What Hyman entirely fails to explain is why an old-fashioned subject-based curriculum cannot foster all these skills?

We know by now that, when introduced, the National Curriculum was far too detailed and prescriptive. We also know that the appalling testing regime that accompanied it has had a very deleterious impact on teaching and learning. But there is nothing, absolutely nothing, wrong with the notion that the subjects it prescribed, when introduced, were perfectly suitable vehicles for fostering the skills and qualities Hyman wants schoolchildren to leave school with.

Why do they or we need a new subject or area of thinking ‘critical thinking’ by which to develop these skills, as if the other subjects cannot do so?

It’s true they cannot, as they presently have to be taught. But what that calls for are educational reforms that make them able to be. What it doesn’t call for are yet more new subjects that only further reduce the time available for the old ones.

Hyman wants schools to instil in their pupils critical thinking, analysis, reflection and independence. Well, he hasn’t exhibited much of any of these to me. He’s just spinning in the wind to enable his party continue to avoid facing up to the terrible mess it has made of education and what needs to be done to clear it up.

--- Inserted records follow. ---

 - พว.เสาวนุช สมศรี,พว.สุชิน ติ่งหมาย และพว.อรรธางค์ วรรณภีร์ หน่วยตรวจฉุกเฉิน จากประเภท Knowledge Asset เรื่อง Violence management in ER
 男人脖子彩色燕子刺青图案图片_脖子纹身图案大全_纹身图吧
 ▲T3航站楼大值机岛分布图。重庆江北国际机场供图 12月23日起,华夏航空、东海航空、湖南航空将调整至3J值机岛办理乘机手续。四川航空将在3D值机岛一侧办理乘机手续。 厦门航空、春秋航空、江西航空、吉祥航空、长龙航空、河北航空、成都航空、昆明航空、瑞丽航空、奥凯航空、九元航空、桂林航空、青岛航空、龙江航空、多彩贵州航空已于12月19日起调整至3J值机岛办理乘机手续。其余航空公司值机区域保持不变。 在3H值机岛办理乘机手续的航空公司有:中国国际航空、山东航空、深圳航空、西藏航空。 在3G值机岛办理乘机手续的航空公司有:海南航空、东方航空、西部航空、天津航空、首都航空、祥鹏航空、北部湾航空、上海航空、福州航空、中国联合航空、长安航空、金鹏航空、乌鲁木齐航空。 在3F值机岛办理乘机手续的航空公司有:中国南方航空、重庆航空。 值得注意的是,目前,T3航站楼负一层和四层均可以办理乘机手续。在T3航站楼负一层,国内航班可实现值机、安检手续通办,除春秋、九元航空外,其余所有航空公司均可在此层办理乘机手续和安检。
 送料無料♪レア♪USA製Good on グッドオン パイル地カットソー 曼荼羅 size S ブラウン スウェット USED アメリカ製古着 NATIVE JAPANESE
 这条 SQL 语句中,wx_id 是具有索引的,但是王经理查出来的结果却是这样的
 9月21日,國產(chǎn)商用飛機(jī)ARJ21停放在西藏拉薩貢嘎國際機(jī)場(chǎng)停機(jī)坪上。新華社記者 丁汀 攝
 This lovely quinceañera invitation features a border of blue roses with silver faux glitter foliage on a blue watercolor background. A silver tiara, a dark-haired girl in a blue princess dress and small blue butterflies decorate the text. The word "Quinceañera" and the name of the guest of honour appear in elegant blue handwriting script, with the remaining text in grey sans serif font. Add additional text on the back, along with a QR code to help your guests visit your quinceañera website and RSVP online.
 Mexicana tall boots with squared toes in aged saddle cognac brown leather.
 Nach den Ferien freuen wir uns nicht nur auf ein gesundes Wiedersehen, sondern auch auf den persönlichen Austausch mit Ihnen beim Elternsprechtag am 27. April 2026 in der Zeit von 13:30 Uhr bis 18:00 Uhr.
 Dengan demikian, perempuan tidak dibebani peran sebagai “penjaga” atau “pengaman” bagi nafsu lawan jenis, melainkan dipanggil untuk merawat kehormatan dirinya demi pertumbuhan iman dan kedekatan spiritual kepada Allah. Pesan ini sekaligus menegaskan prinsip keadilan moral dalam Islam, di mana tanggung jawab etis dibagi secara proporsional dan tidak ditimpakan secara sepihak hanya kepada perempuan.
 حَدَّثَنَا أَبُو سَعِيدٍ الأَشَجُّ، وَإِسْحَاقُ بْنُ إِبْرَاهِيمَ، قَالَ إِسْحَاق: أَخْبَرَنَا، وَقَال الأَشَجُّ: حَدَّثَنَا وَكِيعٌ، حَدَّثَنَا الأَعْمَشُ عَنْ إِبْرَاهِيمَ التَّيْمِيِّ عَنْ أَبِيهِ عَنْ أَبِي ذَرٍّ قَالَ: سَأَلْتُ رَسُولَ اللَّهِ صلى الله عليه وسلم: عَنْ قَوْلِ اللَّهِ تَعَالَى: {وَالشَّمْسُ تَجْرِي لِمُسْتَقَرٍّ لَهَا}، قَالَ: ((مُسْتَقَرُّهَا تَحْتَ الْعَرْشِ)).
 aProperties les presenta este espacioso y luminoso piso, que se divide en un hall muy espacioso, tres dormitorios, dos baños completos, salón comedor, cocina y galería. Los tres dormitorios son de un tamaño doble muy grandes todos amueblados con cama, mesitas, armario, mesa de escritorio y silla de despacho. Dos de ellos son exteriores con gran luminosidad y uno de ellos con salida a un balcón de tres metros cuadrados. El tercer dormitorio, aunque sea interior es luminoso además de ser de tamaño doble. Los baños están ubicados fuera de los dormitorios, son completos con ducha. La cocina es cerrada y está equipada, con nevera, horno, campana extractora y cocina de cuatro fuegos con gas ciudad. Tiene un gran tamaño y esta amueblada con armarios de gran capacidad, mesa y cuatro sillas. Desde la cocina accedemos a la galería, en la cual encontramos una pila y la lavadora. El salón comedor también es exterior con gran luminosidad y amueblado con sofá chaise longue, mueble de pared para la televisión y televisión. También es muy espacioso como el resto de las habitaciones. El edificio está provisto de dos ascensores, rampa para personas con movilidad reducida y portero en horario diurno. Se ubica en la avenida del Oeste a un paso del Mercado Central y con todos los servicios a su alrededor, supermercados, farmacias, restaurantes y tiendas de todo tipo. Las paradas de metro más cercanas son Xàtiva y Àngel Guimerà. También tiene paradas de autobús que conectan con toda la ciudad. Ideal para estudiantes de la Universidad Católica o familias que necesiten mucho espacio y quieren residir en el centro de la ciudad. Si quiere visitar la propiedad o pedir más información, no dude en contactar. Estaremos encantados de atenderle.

The first and vital step is to instate a proper academic curriculum. That needs supplementing by ensuring that only properly qualified teachers teach it. This may require having to pay properly qualified teachers a market rate for the job, if there are shortages in certain areas like science. It also means restoring their ability to teach by allowing them to exclude, permanently if necessary, disruptive pupils.

The rest is silence… the silence that descends upon a classroom when the children it contains are absorbed in their studies. Of course, there should be time for discussion and debate. But if children are to be taught to think, analyse and reflect, as Hyman claims he want them to be, then they need to be set tasks that demand and produce silence in class.

It is a long time since it was last heard in all too many state schools.

I doubt if it shall be heard for a very long time in Hyman’s or in any other state schools, if they are made to follow the curriculum path on which he wishes to take them.